### RECORDS PROVIDED
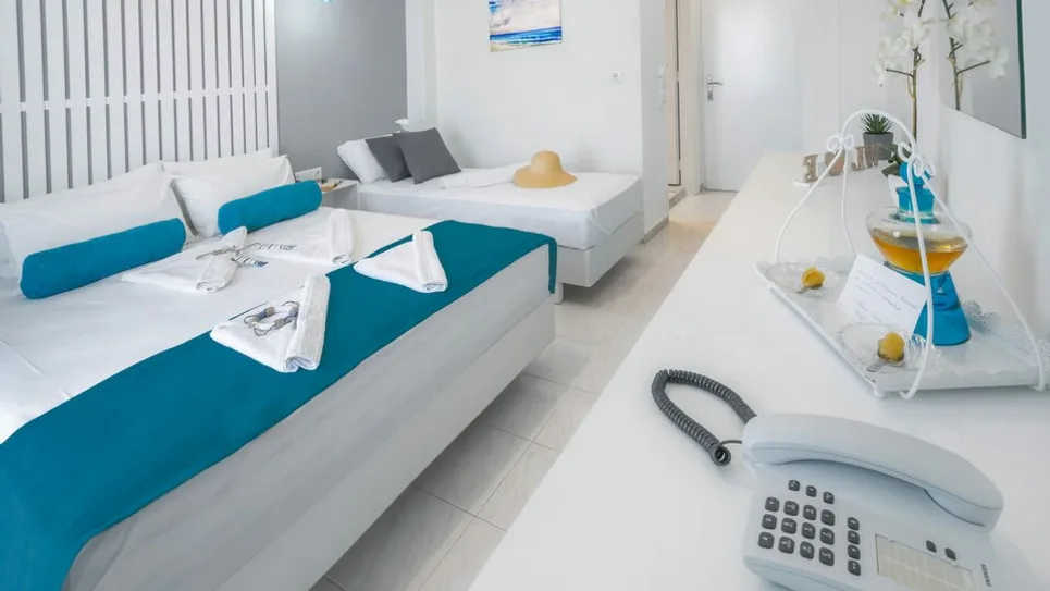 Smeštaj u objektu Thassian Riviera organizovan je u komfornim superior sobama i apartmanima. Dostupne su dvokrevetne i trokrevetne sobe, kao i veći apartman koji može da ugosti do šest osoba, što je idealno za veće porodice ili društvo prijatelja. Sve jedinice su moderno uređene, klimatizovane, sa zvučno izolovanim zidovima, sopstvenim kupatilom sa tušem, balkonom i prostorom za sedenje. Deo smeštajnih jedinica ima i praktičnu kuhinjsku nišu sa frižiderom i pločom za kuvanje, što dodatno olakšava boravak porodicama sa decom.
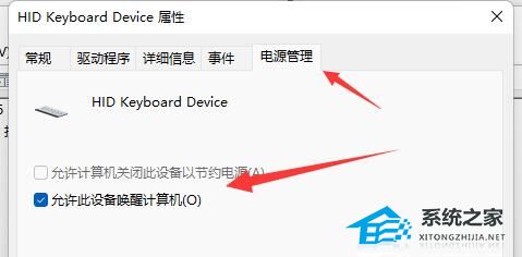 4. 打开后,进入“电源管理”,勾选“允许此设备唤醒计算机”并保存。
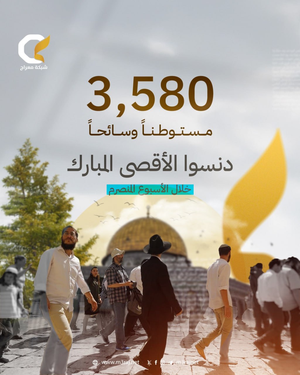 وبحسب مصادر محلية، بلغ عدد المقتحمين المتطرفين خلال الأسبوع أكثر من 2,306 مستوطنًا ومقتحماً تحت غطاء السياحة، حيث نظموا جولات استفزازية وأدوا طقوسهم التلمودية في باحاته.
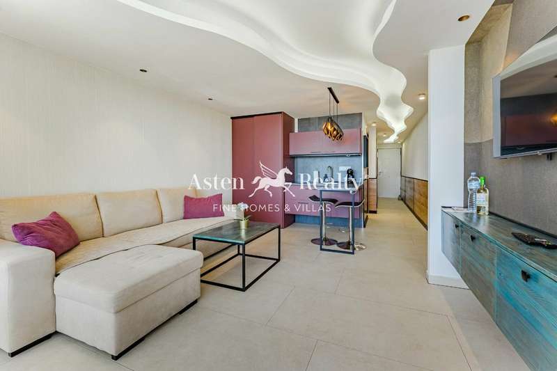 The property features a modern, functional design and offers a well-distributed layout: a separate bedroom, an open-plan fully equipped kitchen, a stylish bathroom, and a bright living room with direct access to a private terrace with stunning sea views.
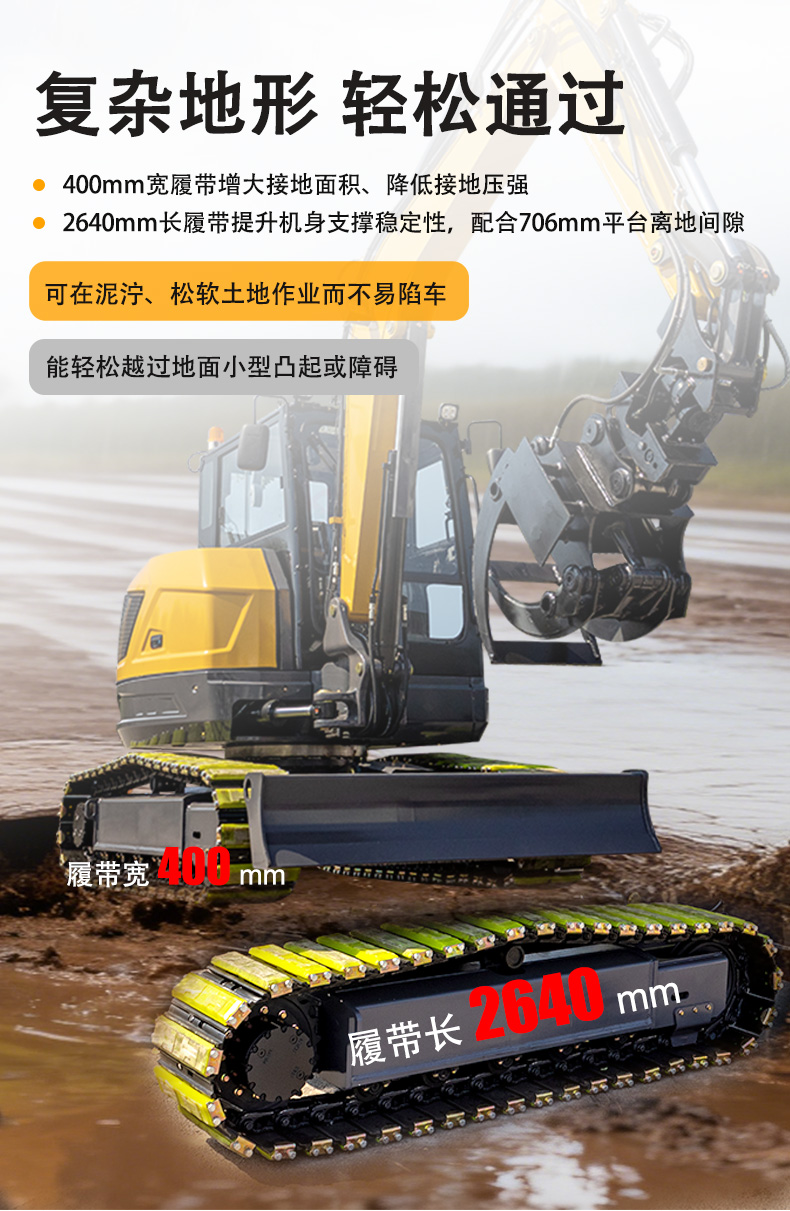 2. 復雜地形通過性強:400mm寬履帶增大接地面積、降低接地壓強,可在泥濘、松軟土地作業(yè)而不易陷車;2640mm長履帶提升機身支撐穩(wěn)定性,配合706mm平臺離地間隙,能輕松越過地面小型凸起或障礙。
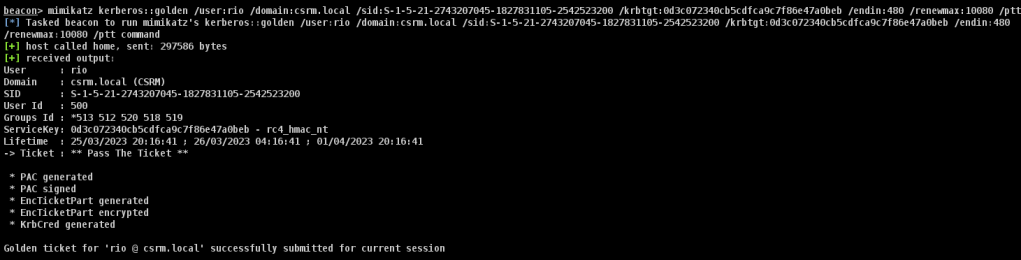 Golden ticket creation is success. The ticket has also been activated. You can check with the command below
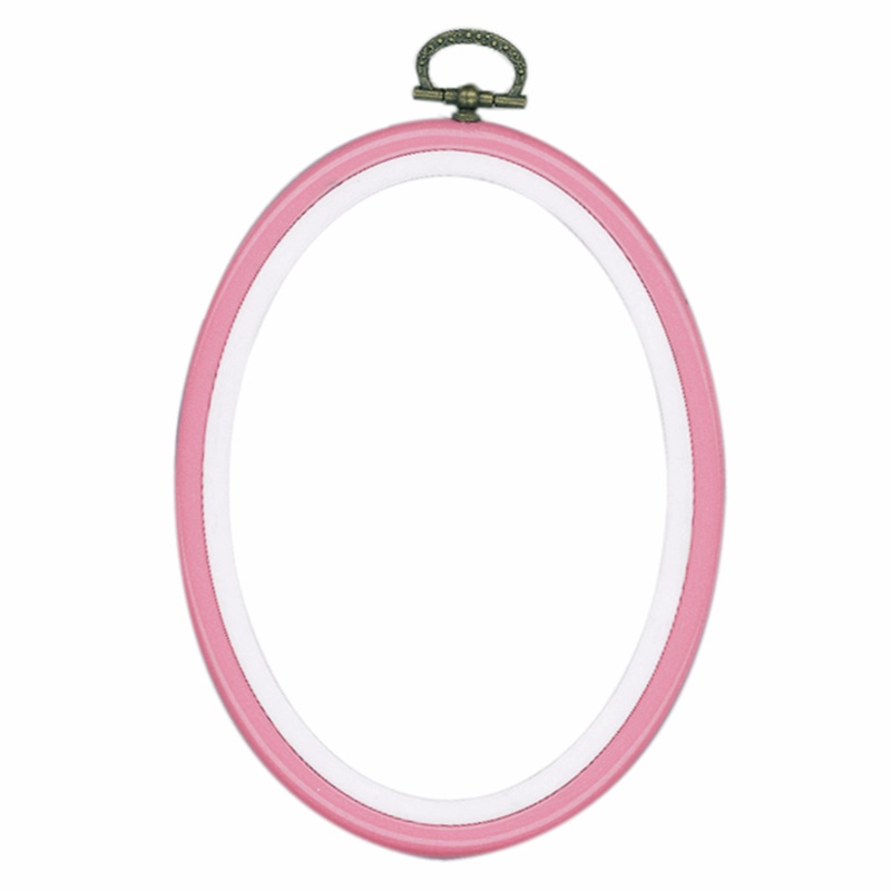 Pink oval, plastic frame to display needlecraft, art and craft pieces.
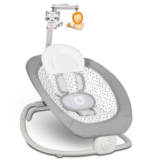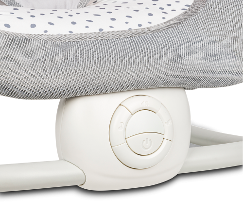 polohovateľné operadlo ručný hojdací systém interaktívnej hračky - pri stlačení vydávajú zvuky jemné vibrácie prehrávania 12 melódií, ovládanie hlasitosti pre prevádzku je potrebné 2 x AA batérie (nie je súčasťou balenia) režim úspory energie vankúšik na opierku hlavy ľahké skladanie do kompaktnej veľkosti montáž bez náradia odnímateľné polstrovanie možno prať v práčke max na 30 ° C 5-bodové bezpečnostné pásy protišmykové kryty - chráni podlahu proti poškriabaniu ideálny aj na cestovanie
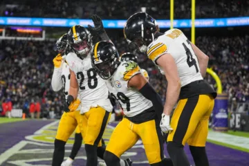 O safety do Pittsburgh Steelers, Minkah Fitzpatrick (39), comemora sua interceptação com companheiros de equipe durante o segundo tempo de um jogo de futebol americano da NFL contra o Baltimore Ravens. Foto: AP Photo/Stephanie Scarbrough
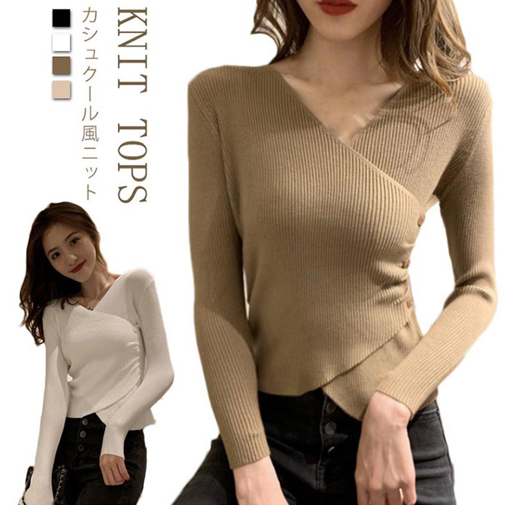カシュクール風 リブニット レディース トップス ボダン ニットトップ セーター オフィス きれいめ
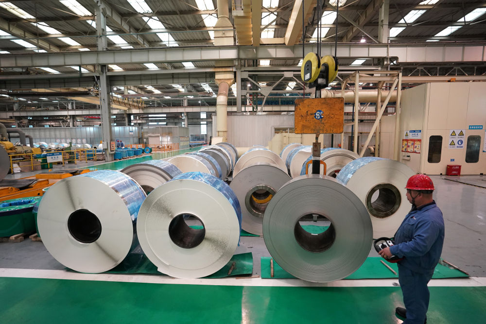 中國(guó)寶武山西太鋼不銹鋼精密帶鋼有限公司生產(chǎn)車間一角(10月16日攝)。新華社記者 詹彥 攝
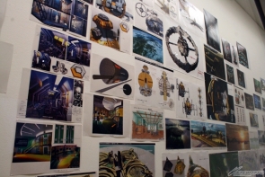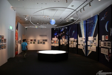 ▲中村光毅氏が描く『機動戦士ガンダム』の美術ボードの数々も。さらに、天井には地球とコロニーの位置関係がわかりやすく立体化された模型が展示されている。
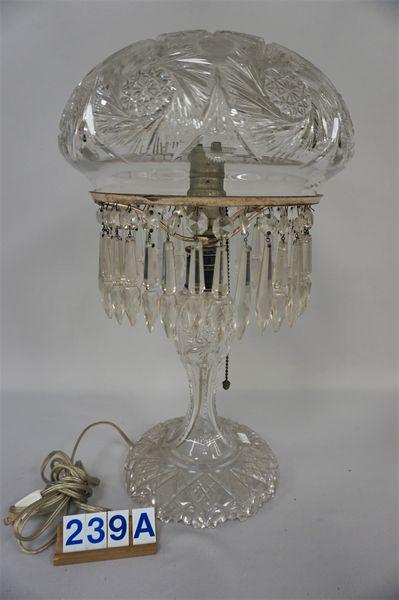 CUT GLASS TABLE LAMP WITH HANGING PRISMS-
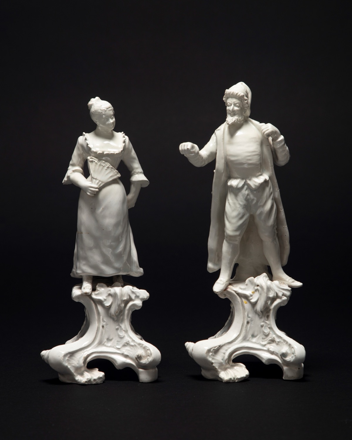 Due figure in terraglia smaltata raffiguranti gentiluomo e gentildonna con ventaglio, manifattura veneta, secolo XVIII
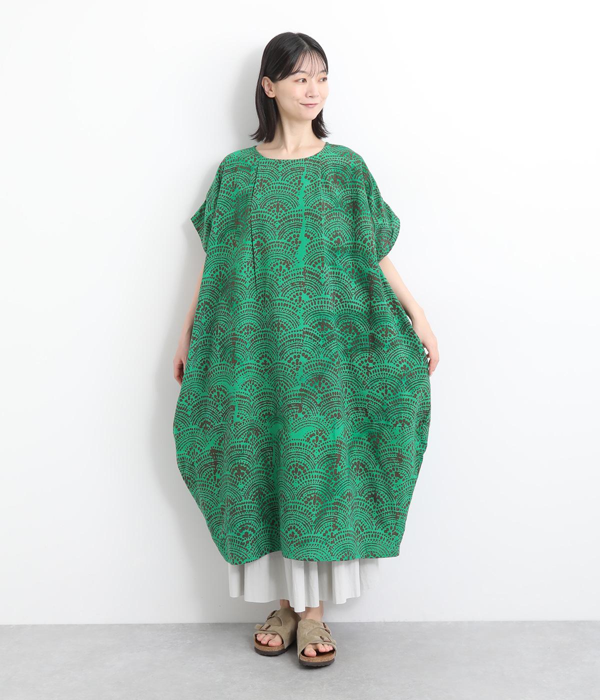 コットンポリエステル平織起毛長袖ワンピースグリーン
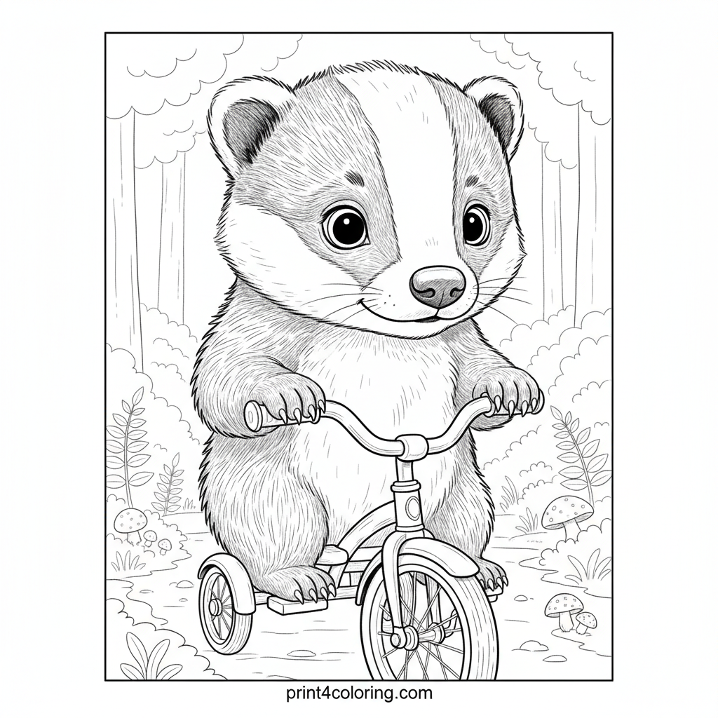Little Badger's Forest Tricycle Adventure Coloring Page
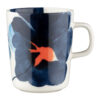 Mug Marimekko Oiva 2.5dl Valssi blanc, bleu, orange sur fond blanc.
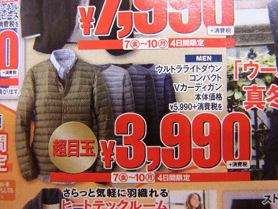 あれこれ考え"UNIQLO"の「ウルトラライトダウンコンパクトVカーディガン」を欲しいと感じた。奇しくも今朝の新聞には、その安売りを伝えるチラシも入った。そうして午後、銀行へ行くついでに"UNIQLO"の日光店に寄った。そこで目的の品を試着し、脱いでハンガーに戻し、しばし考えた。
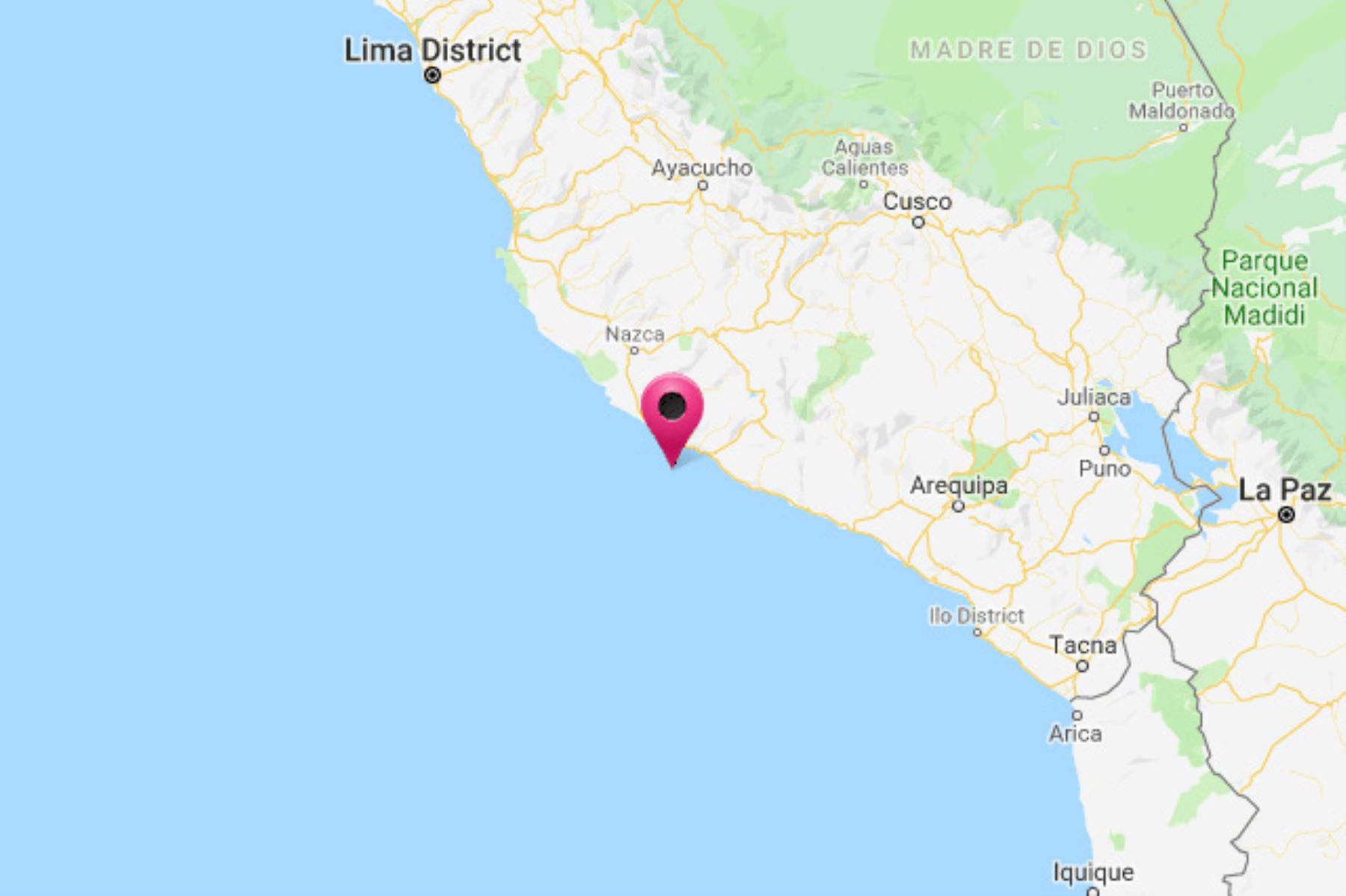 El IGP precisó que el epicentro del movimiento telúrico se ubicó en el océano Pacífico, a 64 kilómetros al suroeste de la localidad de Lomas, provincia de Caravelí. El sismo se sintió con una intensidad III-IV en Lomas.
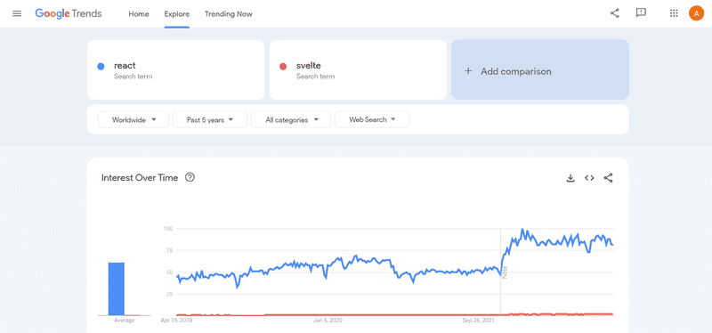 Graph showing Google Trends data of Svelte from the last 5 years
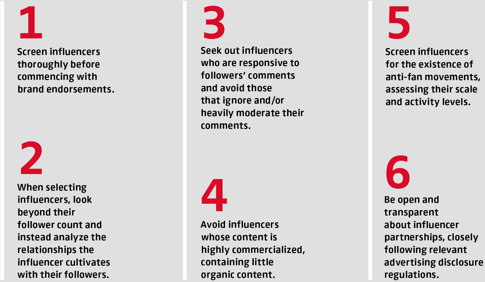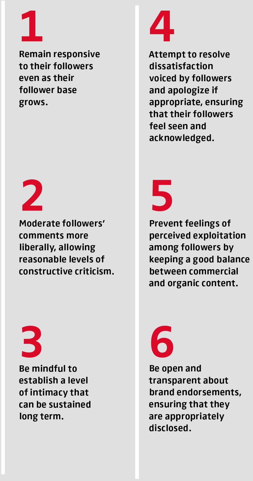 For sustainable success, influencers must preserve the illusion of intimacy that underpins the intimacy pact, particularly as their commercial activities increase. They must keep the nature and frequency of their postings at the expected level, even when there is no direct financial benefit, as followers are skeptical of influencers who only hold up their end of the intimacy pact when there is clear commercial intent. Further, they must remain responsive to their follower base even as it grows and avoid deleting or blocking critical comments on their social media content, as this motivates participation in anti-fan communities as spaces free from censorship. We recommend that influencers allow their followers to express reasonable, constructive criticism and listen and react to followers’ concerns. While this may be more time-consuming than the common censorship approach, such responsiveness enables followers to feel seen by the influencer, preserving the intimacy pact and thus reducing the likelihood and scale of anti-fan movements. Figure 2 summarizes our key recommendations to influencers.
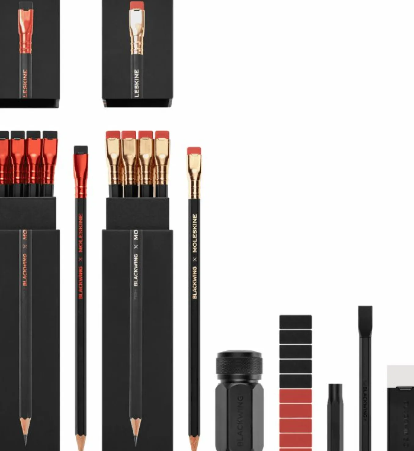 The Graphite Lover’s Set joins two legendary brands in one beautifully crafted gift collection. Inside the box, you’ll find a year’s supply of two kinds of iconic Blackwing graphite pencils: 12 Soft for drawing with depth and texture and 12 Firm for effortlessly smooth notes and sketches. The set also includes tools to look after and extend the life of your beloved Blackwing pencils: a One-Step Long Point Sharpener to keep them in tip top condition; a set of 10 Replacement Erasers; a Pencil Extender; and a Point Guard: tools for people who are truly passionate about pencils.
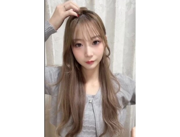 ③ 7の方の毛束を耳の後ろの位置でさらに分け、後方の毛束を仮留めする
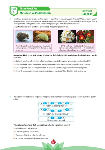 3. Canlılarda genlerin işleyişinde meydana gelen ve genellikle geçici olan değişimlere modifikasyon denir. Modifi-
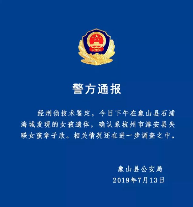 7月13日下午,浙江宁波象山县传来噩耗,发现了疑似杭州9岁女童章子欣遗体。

### EXERCISE DIRECTIONS
Out of the records above, please copy exactly the lines from the line with "Due figure in" up to and including the line with "Graph showing Google", minus the pictures.

### YOUR RESPONSE
 Due figure in terraglia smaltata raffiguranti gentiluomo e gentildonna con ventaglio, manifattura veneta, secolo XVIII
 コットンポリエステル平織起毛長袖ワンピースグリーン
Little Badger's Forest Tricycle Adventure Coloring Page
 Mug Marimekko Oiva 2.5dl Valssi blanc, bleu, orange sur fond blanc.
 あれこれ考え"UNIQLO"の「ウルトラライトダウンコンパクトVカーディガン」を欲しいと感じた。奇しくも今朝の新聞には、その安売りを伝えるチラシも入った。そうして午後、銀行へ行くついでに"UNIQLO"の日光店に寄った。そこで目的の品を試着し、脱いでハンガーに戻し、しばし考えた。
 El IGP precisó que el epicentro del movimiento telúrico se ubicó en el océano Pacífico, a 64 kilómetros al suroeste de la localidad de Lomas, provincia de Caravelí. El sismo se sintió con una intensidad III-IV en Lomas.
 Graph showing Google Trends data of Svelte from the last 5 years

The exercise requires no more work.